- Born: 9 May 1820 Kilsyth, Scotland
- Died: 12 October 1902 (aged 82) Mount Florida, Scotland
- Known for: Landscape paintings

= Thomson Kirkwood =

Scottish painter

Thomson Kirkwood (9 May 1820 - 12 October 1902) was a Scottish painter. He is known for his paintings of rural scenes and landscapes.

==Life==

His father was Walter Kirkwood (4 January 1775 - c. 1825), a weaver from Kilsyth

His mother was Janet Thomson (3 December 1783 - 26 December 1849) from Kilsyth. Walter and Janet married on 10 December 1803 in Kilsyth.

Thomson Kirkwood was born on 9 May 1820 in Kilsyth.

He married Margaret Howison (4 March 1827 - 15 June 1916) from Edinburgh. They married in Newcastle on 18 December 1846.

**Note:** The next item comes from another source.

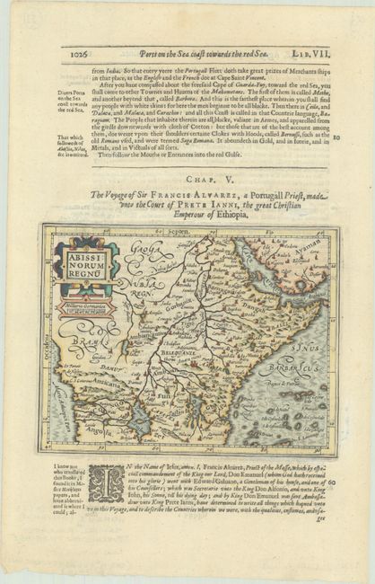 Charming little map with a fair amount of detail on the eastern coast, reflecting colonial trading interests. Below the equator there are the two large lakes where the Nile originates, Zaire / Zembre and Zaftan. The map is decorated with a strapwork title and scale cartouche. The map originally appeared in the Mercator/Hondius Atlas Minor and was used here by Purchas with the additional title above the map, "The Voyage of Sir Francis Alvarez, a Portugall Priest, made unto the Court of Prete Ianni, the great Christian Emperour of Ethiopia," referring to the mythical kingdom of Prester John. On a sheet of English text measuring 8.6 x 13.4".

In the 1841 census he was in Newcastle, his profession already an artist.

In the 1861 census he was a student teacher at the Glasgow School of Art. A year later he was teaching art at the Glasgow Athenaeum.

In 1866 he was staying at 173 Shamrock Street.

In 1867 he was appointed an art teacher at Greenock Academy.

A year later he was the Drawing Master at Paisley Grammar School. He moved to 73 Abbotsford Place in Govan.

From The History of Paisley Grammar School by Robert Brown (1875):

Mr. Thomson Kirkwood, Glasgow, was appointed Drawing Master in the Institution and allowed to charge his pupils 7 shillings and 6 pence per quarter for drawing and 10 shillings and 6 pence for painting in watercolours. He was born in Kilsyth on 9 May 1820. His father died five years afterwards, leaving a family of nine children, of whom Mr. Kirkwood was the youngest. After being educated at the village school, he was apprenticed to be a weaver; but after three years that trade became bad, and the family removed to Glasgow. Each of the brothers went to learn a trade. Thomson was sent to be a glass stainer or glass painter. He was twenty years at that business, seven of these at a glass staining establishment in Newcastle on Tyne. On leaving the latter place, he intended to commerce business on his own account, but through applying himself too closely to his drawing his health gave way, and he had to abandon the idea. For three years he was unable to do anything, and when residing in Rothesay, he commenced to teach drawing in schools there. He afterwards went to Glasgow, where he taught drawing with great success. He also taught at Greenock Academy and other places.

He then moves to Mount Florida, staying at first at 9 Lorne Place; and then moving to 9 Hampden Terrace.

==Art==

In 1866 he exhibited at the Royal Scottish Academy his works: The Night Ferry, At Kamesburgh Looking East and At Kamesburgh Looking West.

In 1868 he exhibited at the Royal Scottish Academy his work: The Village Fountain.

In 1871 he exhibited at the Royal Scottish Academy his work: Drumgoin And Dumphun From Firhill.

In 1873 he exhibited at the Royal Scottish Academy his work: House Of Shelter.

==Death==

He died at his home in 9 Hampden Terrace, Mount Florida, Glasgow on 12 October 1902. The death certificate states that he died of heart failure and senile decay.

His estate was worth £1791, 15 shillings and 2 pence at his death.

He is buried in the Glasgow Necropolis.

==Works==

The Laird's Loup, Kilsyth Glen is held at the Rozelle House Galleries in Ayrshire.

Gilmorehill From Woodlands Road is held at the Hunterian Art Gallery in Glasgow.

His Landscape With The Story Of Narcissus shows Narcissus gazing at his reflection at the river.